# Advice on Shep's new shop



## ShepRCS (Jan 28, 2015)

Hi all

As my intro indicated I have not touched a lathe/mill since uni. However recently I've been thinking of getting back into it. Mainly because of my desire to build a scale rc heli but also to build little things that work. 

Anyway I've a long way to go and a lot to learn. Lathe choice aside I need somewhere to put it. (I'm thinking sc4 probably but a bit pricey). 

Inside the house is not an option. I don't have a garage so garden shed it is then. 

Now my shed as it currently stands is not good to keep any lathe in anything like good enough condition. So it will need some modification.
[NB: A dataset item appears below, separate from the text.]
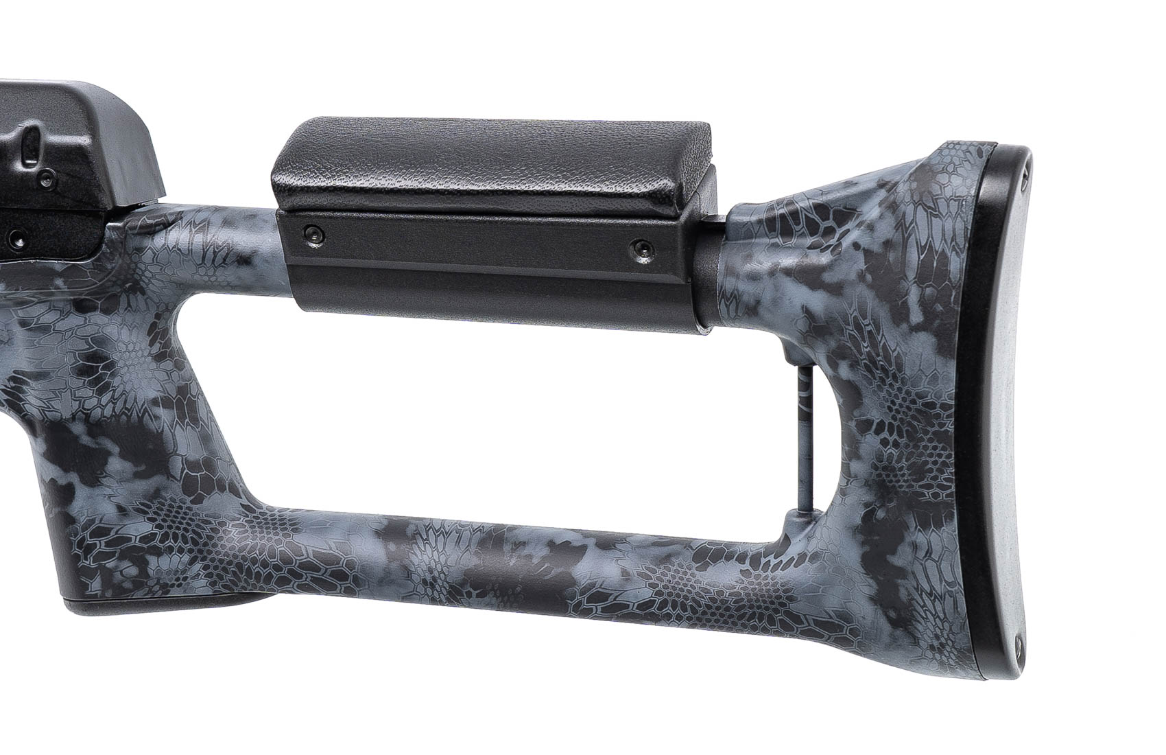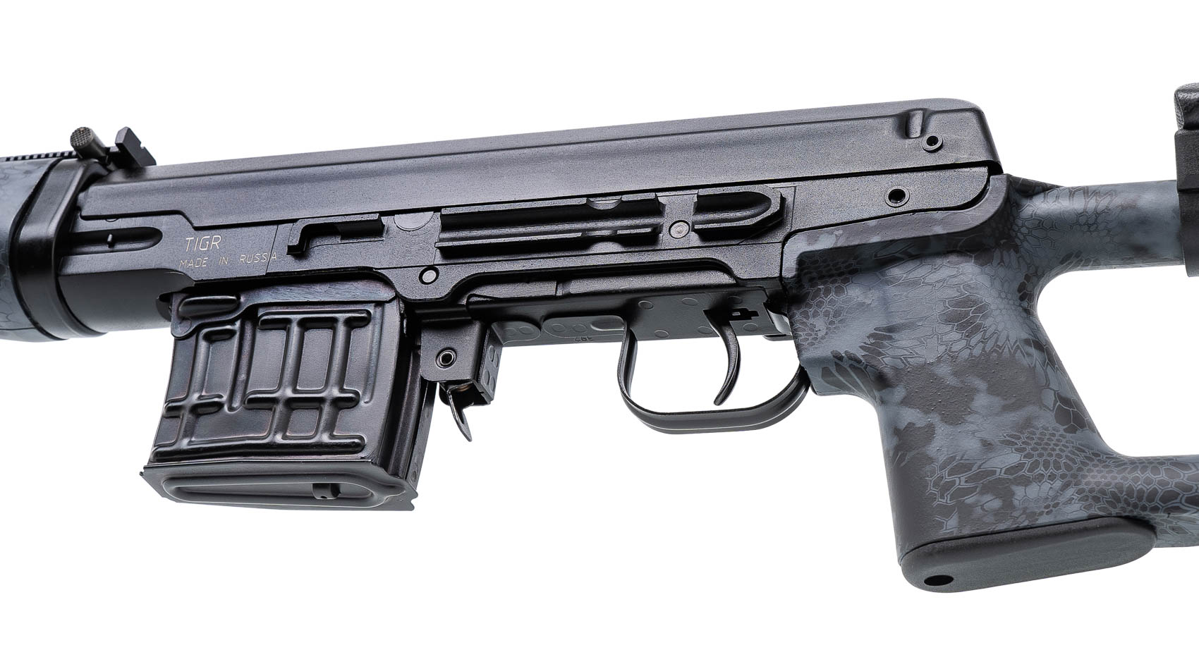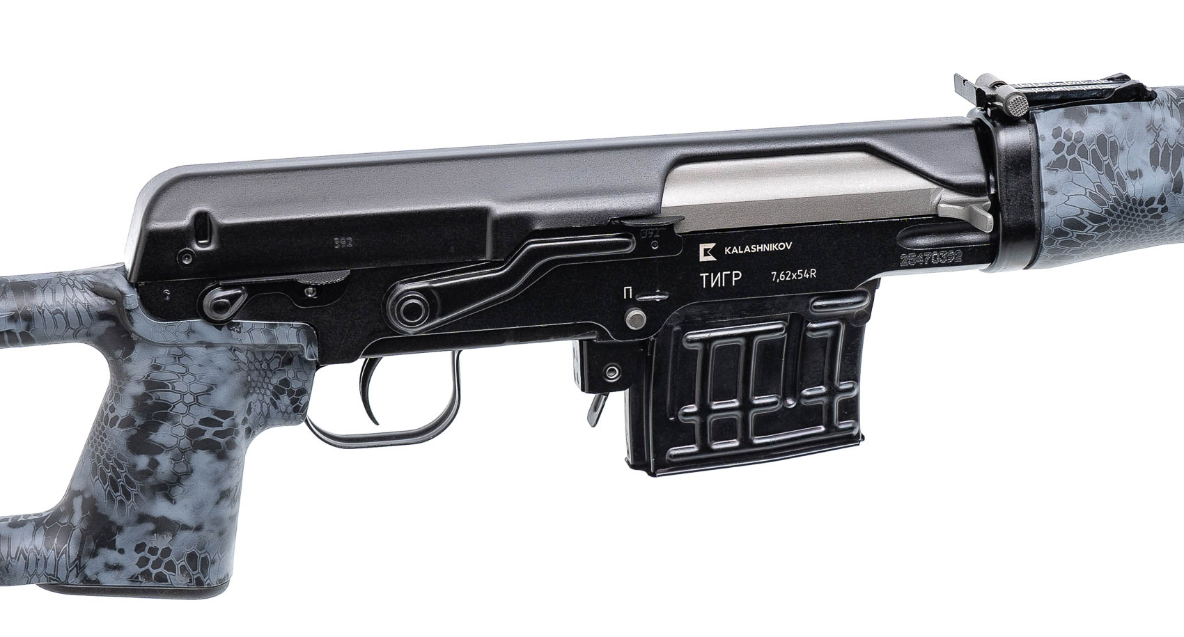 Карабин Тигр производства Ижевского машиностроительного завода - полуавтоматическая модель с газоотводной системой автоматики и газовым регулятором, калибра 7,62Х54R, в тактическом исполнении, предназначенная для охоты, но ее также можно использовать и для спортивной стрельбы. Ложа предлагаемого варианта выполнена в камуфляжной расцветке "Криптек черный".

It's a standard wooden shed with get roof

Those of you living in similar environments (London uk) with shops in the garden what have you done to them to keep your machines safe and happy?

I assume insulation of walls floor and roof is the key one but also maybe some level of heating?

I'm not going to be able to build an entirely fresh building just modify my existing standard wooden shed. 

My second question is how much space beyond the size of the machine is necessary. I'm guessing behind the machine not much but to right and left of the machine some breathing room is advisable. And then a space to stand?  

Any help will be much appreciated. 

shep.


----------



## samthedog (Jan 28, 2015)

G'day Shep. As far as insulation goes, the walls and ceiling are much more critical than the floor. As long as you seal the gaps between the walls and the floor and around the door, it will hold heat. Hot air rises so there will be a significant temperature difference between the floor and bench height which is fine. 

I have an insulated garage and have done nothing with the floor. There must be about 5 - 6 degrees diffrence between the ceiling and floor but have not noticed any rust on the machines in the 3 years they have been in the garage. Just as long as they are kept slightly warmer than ambient outside temps you won't get condensation.

Paul.


----------